Set down, word for word, each line from the top of the data through the line that has "9. Новогодний салат"; omit every picture.

== Collected material ==

++++++

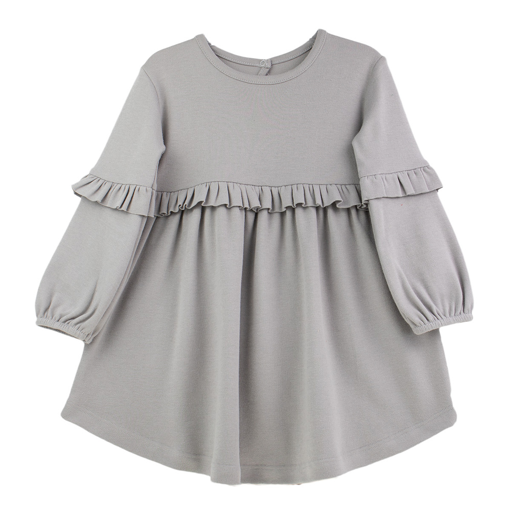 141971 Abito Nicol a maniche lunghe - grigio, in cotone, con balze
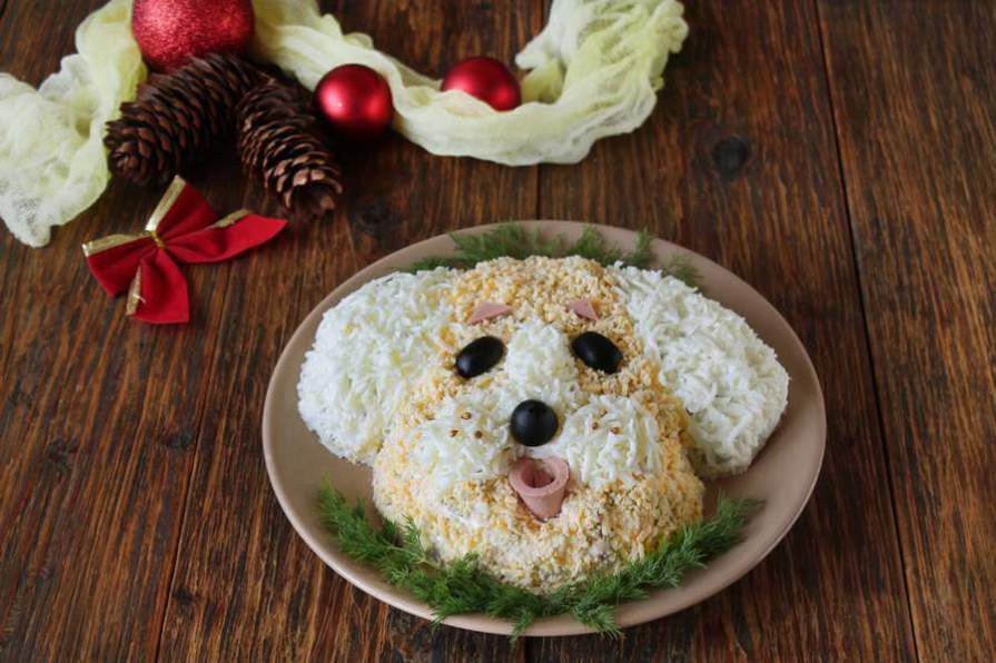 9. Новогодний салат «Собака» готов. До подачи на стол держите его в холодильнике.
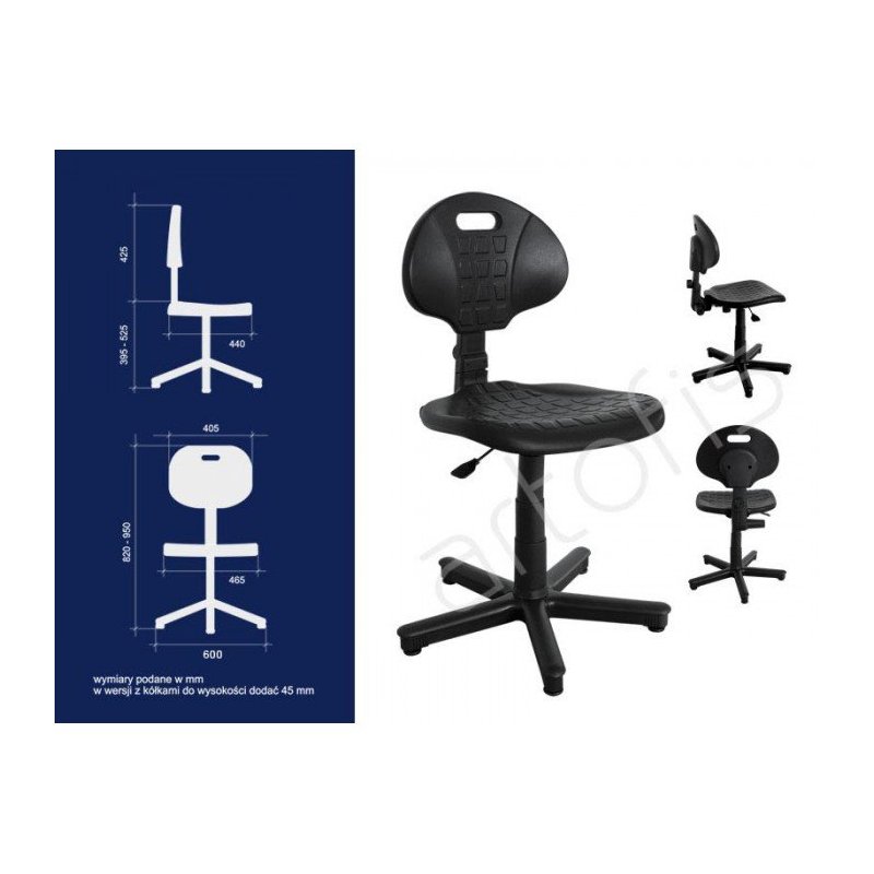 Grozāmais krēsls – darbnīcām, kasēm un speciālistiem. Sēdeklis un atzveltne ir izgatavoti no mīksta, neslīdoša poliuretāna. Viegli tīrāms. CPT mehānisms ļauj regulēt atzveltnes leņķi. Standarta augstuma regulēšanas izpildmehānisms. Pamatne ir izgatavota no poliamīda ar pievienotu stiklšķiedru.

++++++

== Result of this exercise ==
 141971 Abito Nicol a maniche lunghe - grigio, in cotone, con balze
 9. Новогодний салат «Собака» готов. До подачи на стол держите его в холодильнике.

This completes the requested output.